In this post, TFB’s newest team member, Camden Dechert, will take us through the ins and outs of material design -Christina
I heard about Material Design for the first time a few months ago from my coworker at VCU Technology Services. Together, we had been developing a new designed campaign for Technology Services that would give our brand a facelift. I began exploring Material Design as a new way to approach our new brand. It lent me the freedom to stay within our university brand guidelines, but also add that extra oomph.

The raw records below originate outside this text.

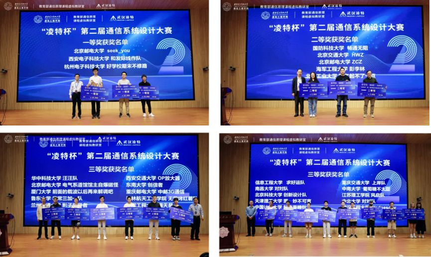 电信实验中心主任白文乐教授,教育部通信原理课程虚拟教研室负责人任光亮教授,武汉凌特电子技术有限公司董事长沈瑞华先生,大赛评委及参赛师生们出席了本次颁奖典礼。
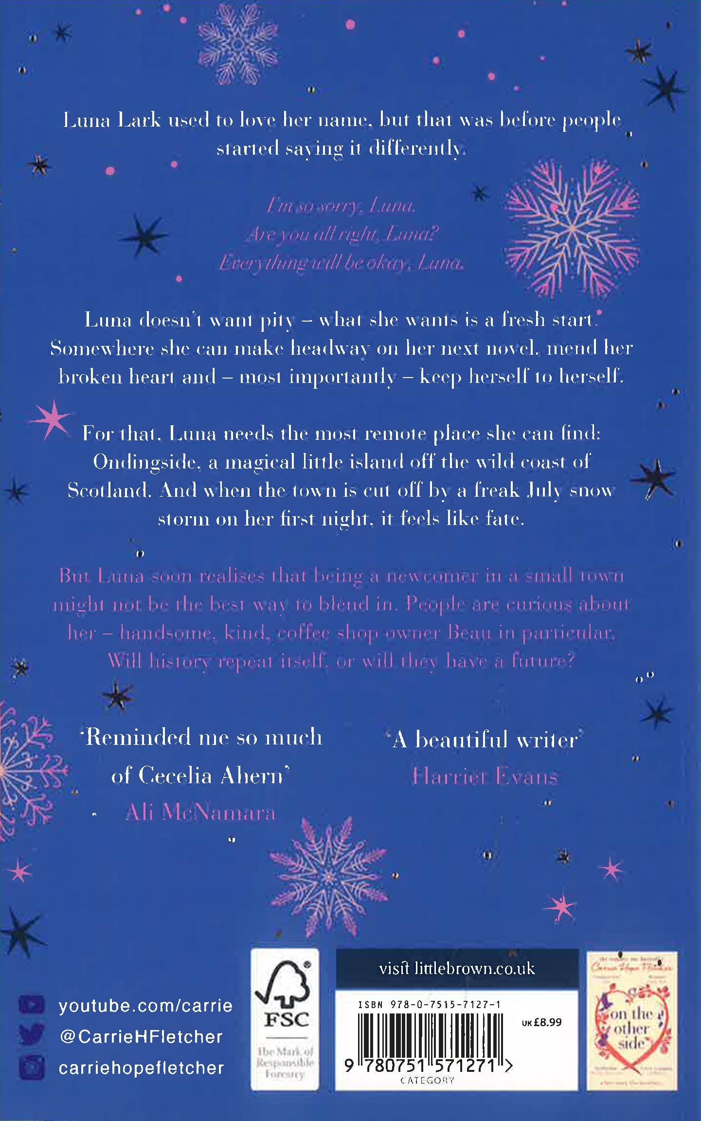 For that Luna needs the most remote place she can find: Ondingside, a magical little island off the wild coast of Scotland. And when the town is cut off on her first night by a freak July snow storm it feels like fate.
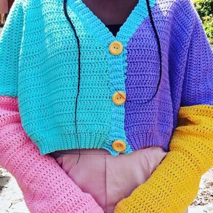 The Oversized Colorblock Cardigan is a beautifully crafted crochet master piece that is easy for any beginner crocheter. The pattern contains insytuctions for multiple sizes (XS - 5XL). It uses a simple/common double crochet stitch for the main portion of the cardigan. The most beautiful thing about this cardigan is that, you can use any 5 colors of your choice to create your own signature piece. S, you can eith go bold and colorful or pastel and glowy, the choice is yours.
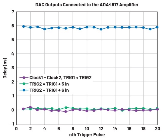 如圖6的簡化圖所示,器件間的輸出同步是通過測量多個器件的同一DAC輸出通道(即通道1)之間的延遲來實現(xiàn)的。相對于TRIG1(控制器板到板1)改變TRIG2(控制器板到板2)的連接器長度,以及相對于時鐘1(時鐘發(fā)生器到板1)改變時鐘2(時鐘發(fā)生器到板2)的連接器長度,這兩種情況對同步的影響可以使用示波器進行觀察。
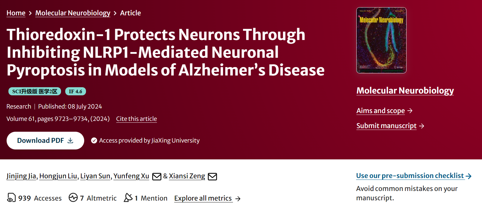 神经生物学团队在JCR Q1区 、中科院二区期刊Molecular Neurobiology上发表题为:Thioredoxin‑1 Protects Neurons Through Inhibiting NLRP1‑Mediated Neuronal Pyroptosis in Models of Alzheimer’s Disease的原创研究论文。贾金婧副教授为本论文第一作者,曾宪思副教授为通讯作者,嘉兴大学为第一单位和通讯单位。

I was interested in learning about this new language because it is starting to revolutionize the way we design. Companies are beginning to implement Material Design into their logos, graphics, websites, and apps. The differences are subtle, but they make a huge difference once you notice it.
So, what is it?
In 2014, Google developed a new design language called Material Design, otherwise known as Quantum Paper.
Designed by Matías Duarte, Material Design makes more liberal use of grid-based layouts, responsive animations and transitions, padding, and depth effects such as lighting and shadows.

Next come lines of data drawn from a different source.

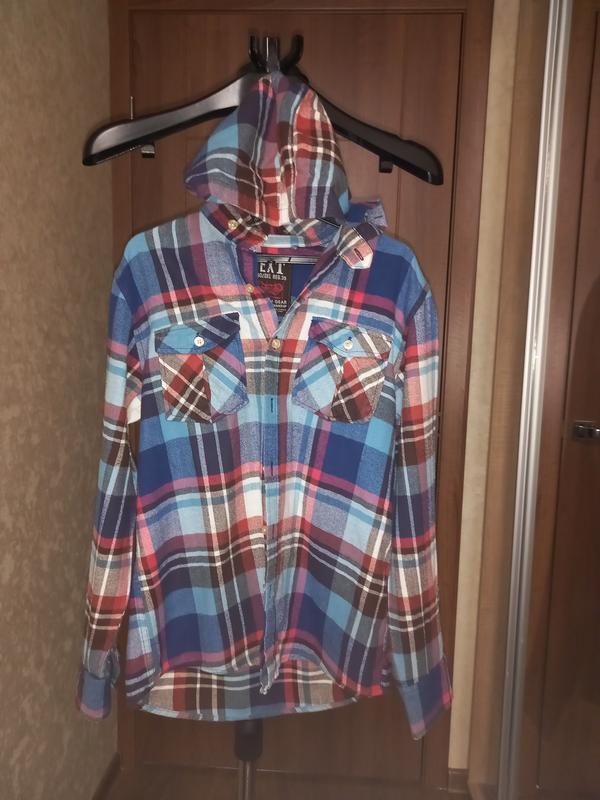 Продам рубашку с капюшоном. Размер написан 11 лет. Замеры длина 61 см длина рукава 54 см рукав можно уменьшить пуговичкой плечо 12 см ширина полуобхват под мышками 46 см. Есть немного пятнышки показала на фото.
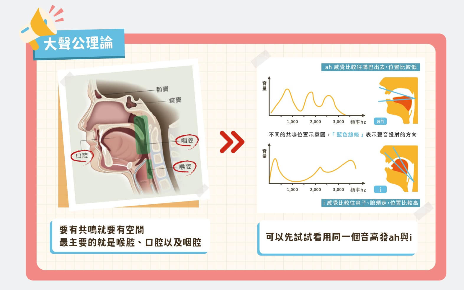 如果要利用這些空間達到聲音從頭頂投射出去的感覺,你可以先試試看用同一個音高發「ah」與「i」這兩個母音,有感覺到聲音的方向跟下圖一樣嗎?
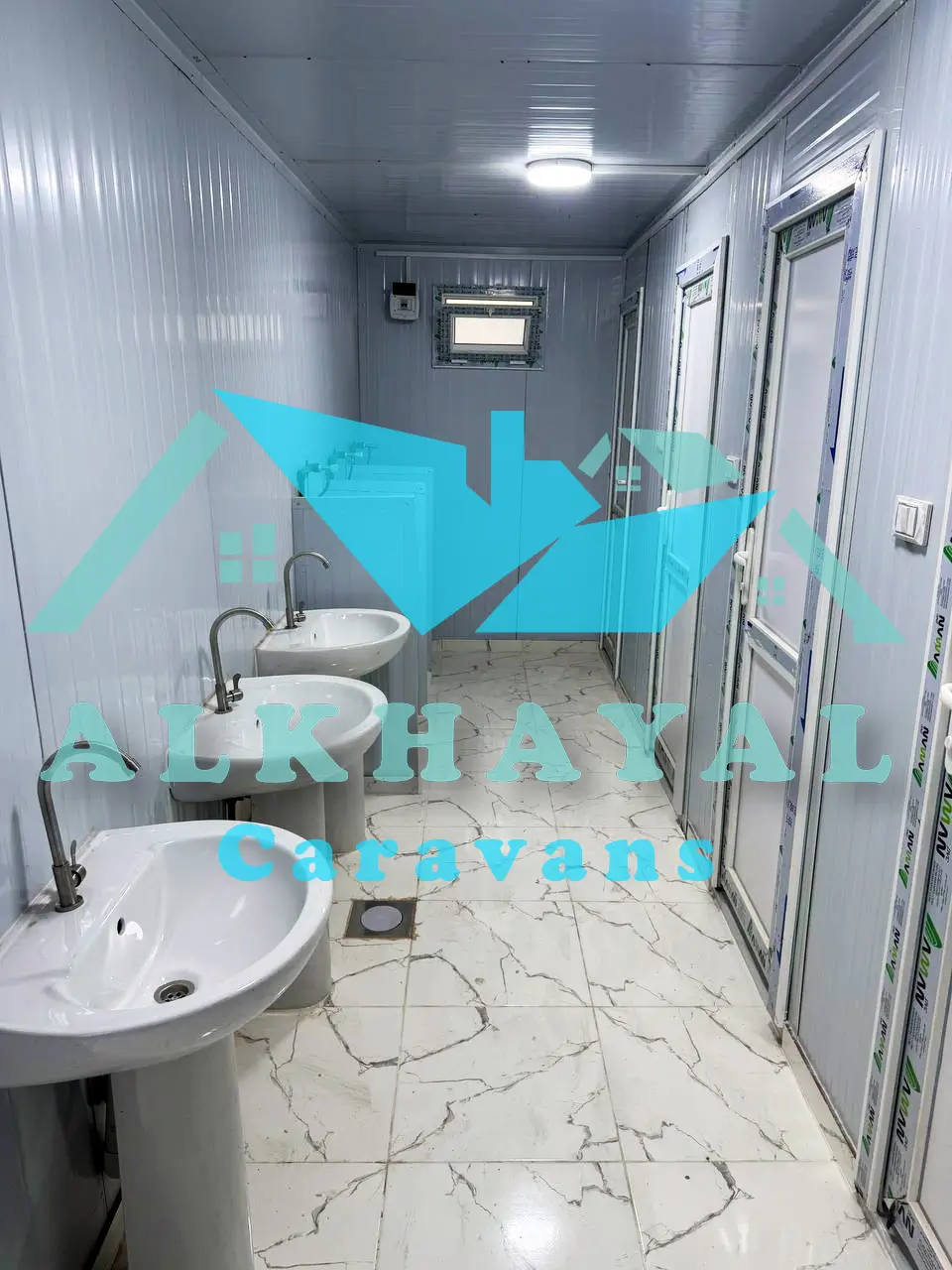 في شركة كرفانات الخيال نقدم كرفان حمام متكامل يشمل:
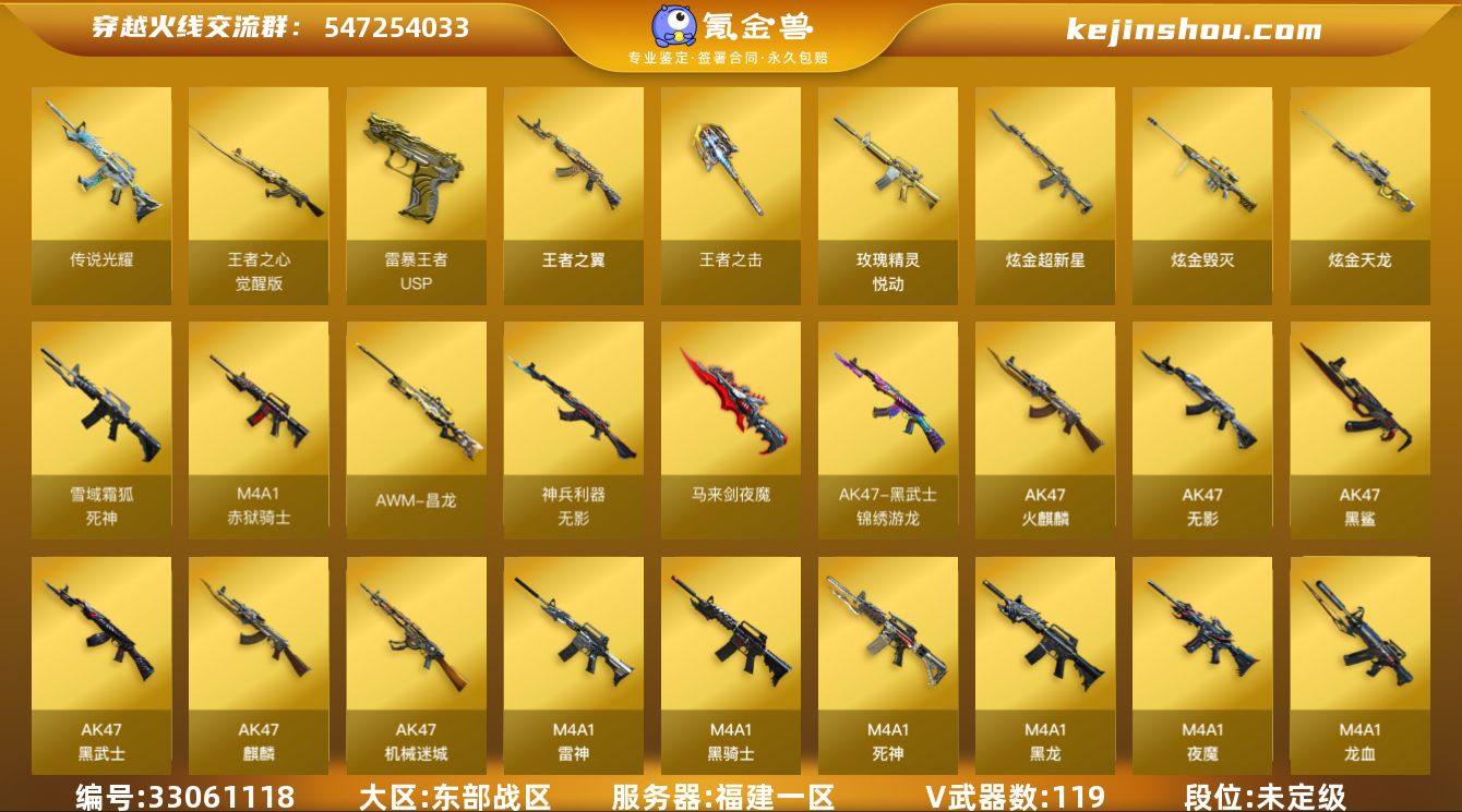 移动专区-131V-11王者武器数-4炫金武器数 【传说武器】:传说光耀 【热门武器】:传说光耀,QBZ03-金色蔷薇,Scar Light-白虎,M200-幻神,死亡之眼,M4A1-黑骑士*2,汤姆逊-烈龙*6,RPK-盘龙*6,加特林-炼狱,沙鹰-修罗*4,金刚伞 【王者炫金武器】:王者之翼,玫瑰精灵-悦动,USP-雷暴王者,王者之击,炫金超新星,炫金毁灭,炫金天龙*2 【音效卡】:AK47-火麒麟音效卡,M4A1-雷神音效卡,M4A1-黑骑士音效卡,Barrett-毁灭音效卡,死神-雪域霜狐-怀旧音效卡,AWM-昌龙-怀旧音效卡*2 【皮肤】:幻神-电竞之星 皮肤,雷神-暗月,雷神-能量核心*2,雷神-星空,雷神-传奇N9,雷神-脉冲核心,雷神-蓝风铃 皮肤,火麒麟-雷神,火麒麟-心动糖果,毁灭-暗月,毁灭-星空,毁灭-虹光风暴 皮肤,毁灭-英雄计划 皮肤,黑龙-能量核心*2,M4A1-黑龙-361,黑骑士-暗月,黑骑士耀金皮肤,无影-暗月*2,无影耀金皮肤,AK47-黑武士-361,天启-暗月,天龙-秘银,天龙-能量核心,AWM-天龙-传奇白鲨,极光-能量核心,修罗-能量核心*3,天神-暗月 【角色】:魅影,凌霄,审判者,战地猎狐,王者-瞳-闭月羞花,王者春,王者玲珑,堕落女神,雪域霜狐,幻面灵狐,风暴女,嘉年华灵狐,兰-新年限定,...

Google announced Material Design on June 25, 2014, at the 2014 Google I/O conference, but it is within the past year that it is being noticed by people other than designers. As of 2015, most of Google’s mobile applications for Android had applied the new design language, including Gmail, YouTube, Google Drive, Google Docs, Sheets and Slides, Google Maps, Inbox, Google+, all of the Google Play-branded applications, and to a smaller extent the Chrome browser and Google Keep. The desktop web-interfaces of Google Drive, Docs, Sheets, Slides and Inbox have incorporated it as well. More recently, it has started to appear in Chrome OS, such as in the system settings, file manager, and calculator apps
Duarte explained that, “unlike real paper, our digital material can expand and reform intelligently. Material has physical surfaces and edges. Seams and shadows provide meaning about what you can touch.” According to Google, their new design language is based on paper and ink but implementation will take place in an advanced manner
Why use it?
Material Design is revolutionary because of how amazingly well thought out it is. Success in implementing Material Design comes from following a type system, a color guide focusing on bold, but subtle, limited color, three-dimensional environment qualities focusing on surfaces, shadows and depth, and a meticulously gridded layout.

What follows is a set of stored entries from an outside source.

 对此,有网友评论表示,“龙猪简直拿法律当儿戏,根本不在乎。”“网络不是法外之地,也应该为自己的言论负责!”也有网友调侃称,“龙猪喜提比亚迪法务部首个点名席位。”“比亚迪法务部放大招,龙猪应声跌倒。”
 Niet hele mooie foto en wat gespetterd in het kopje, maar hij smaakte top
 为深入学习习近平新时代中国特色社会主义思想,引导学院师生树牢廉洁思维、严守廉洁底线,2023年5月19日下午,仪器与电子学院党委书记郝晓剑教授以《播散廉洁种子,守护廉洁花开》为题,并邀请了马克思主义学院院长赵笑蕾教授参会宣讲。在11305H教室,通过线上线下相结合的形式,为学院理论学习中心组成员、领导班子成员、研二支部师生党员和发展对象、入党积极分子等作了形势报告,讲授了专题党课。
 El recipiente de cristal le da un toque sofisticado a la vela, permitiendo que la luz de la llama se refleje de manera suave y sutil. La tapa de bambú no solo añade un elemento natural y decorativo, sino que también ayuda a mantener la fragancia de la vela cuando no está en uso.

Material is the metaphor. Material Design is inspired by the physical world and its textures, including how they reflect light and cast shadows. Material surfaces reimagine the mediums of paper and ink.
How should I use it?
Check out this guide for all the information you need on Material Design. https://material.io/
Nate says
Good primer! If you have time, you might want to go back and fix the text alignment of the images for this post. It may look good on desktop, but on my Android device. it is breaking individual words apart every few characters, which makes it hard to read any text that is near the images. Feel free to delete this comment once you review it.